To achieve this, I installed kube-state-metrics, Prometheus and AlertManager.
Then I created the following rule:
rules:
- alert: KubeJobCompleted
annotations:
identifier: '{{ $labels.instance }}'
summary: Job Completed Successfully
description: Job *{{ $labels.namespace }}/{{ $labels.job_name }}* is completed successfully.
expr: |
kube_job_spec_completions{job="kube-state-metrics"} - kube_job_status_succeeded{job="kube-state-metrics"} == 0
labels:
severity: information
And added the AlertManager receiver text (template) :
{{ define "custom_slack_message" }}
{{ range .Alerts }}
{{ .Annotations.description }}
{{ end }}
{{ end }}
My current result: Everytime a new job completes successfully, I receive a Slack notification with the list of all Job that completed successfully.

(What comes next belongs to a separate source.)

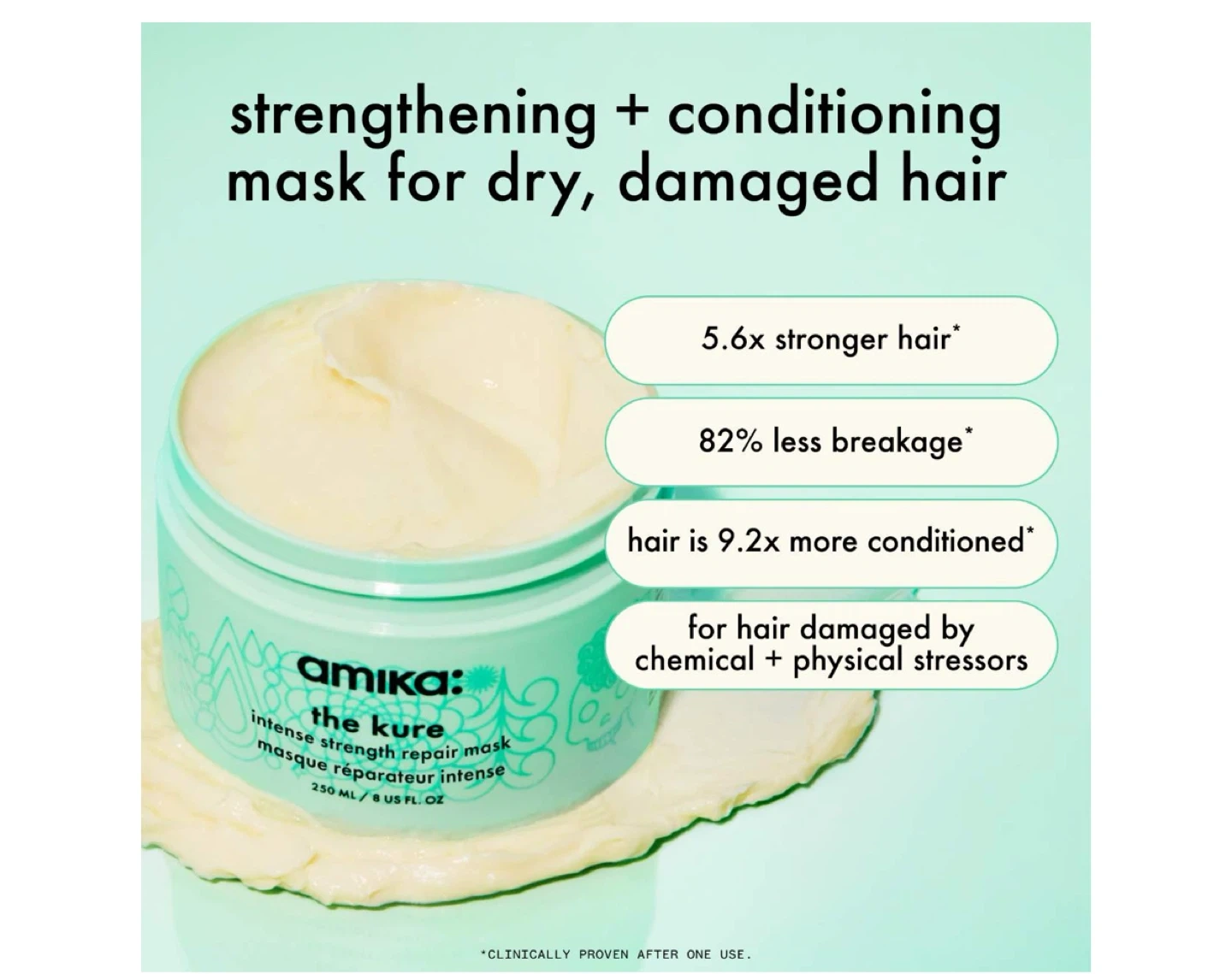 1000+Decluttering for my moving sale! ✨ 📍All prices reduced — quick pickups available near St. George Station, Sheppard West Station, or any stop from Broadview to Victoria Park. ❤️Bundle 5+ items for a discount! 💫 ✅ Great condition, used 1 time ! Selling an Amika The Kure Intense Strength Repair Mask! It's a 50ml size, perfect for trying out or travel. This mask is designed to provide intense strength and repair to your hair. It comes in a cute and colourful tube!
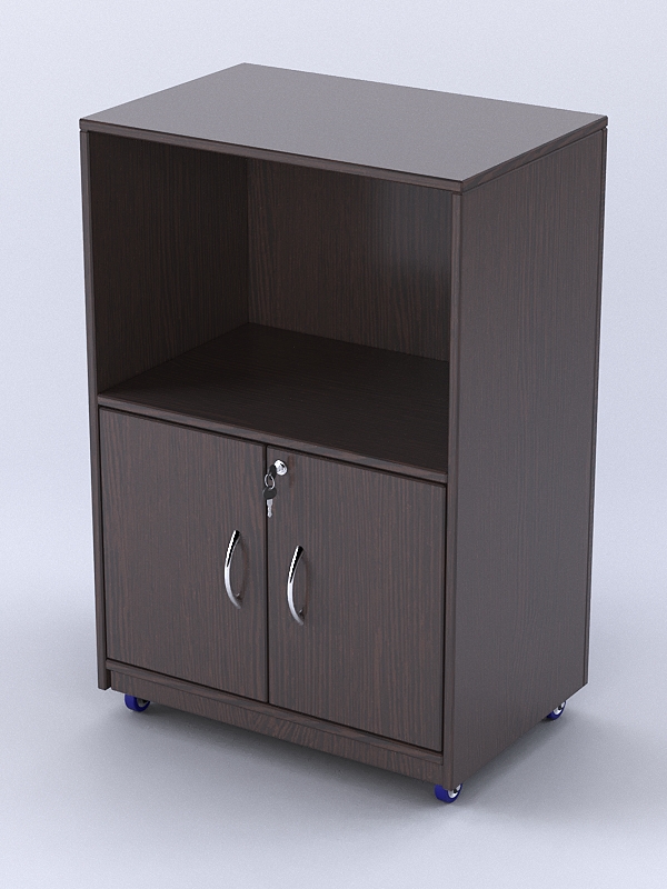 Фасад прилавка является закрытым. С внутренней стороны имеется отделение для инвентаря и накопитель с распашными дверками.

I don't mind receiving the whole list at first but after that I would like to receive notifications that contain only the newly completed job(s) in the specified group interval.
Is it possible?
I ended up using kube_job_status_completion_time and time() to dismiss past events (avoid refiring event upon repeat time).
rules:
- alert: KubeJobCompleted
annotations:
identifier: '{{ $labels.instance }}'
summary: Job Completed Successfully
description: Job *{{ $labels.namespace }}/{{ $labels.job_name }}* is completed successfully.
expr: |
time() - kube_job_status_completion_time < 60 and kube_job_spec_completions{job="kube-state-metrics"} - kube_job_status_succeeded{job="kube-state-metrics"} == 0
labels:
severity: information
Just add extra rule which will just display last completed job(s):
line: for: <10m>
- which will list just lastly completed job(s) in 10 minutes:
rules:
- alert: KubeJobCompleted
annotations:
identifier: '{{ $labels.instance }}'
summary: Job Completed Successfully
description: Job *{{ $labels.namespace }}/{{ $labels.job_name }}* is completed successfully.
expr: |
kube_job_spec_completions{job="kube-state-metrics"} - kube_job_status_succeeded{job="kube-state-metrics"} == 0
for: 10m
labels:
severity: information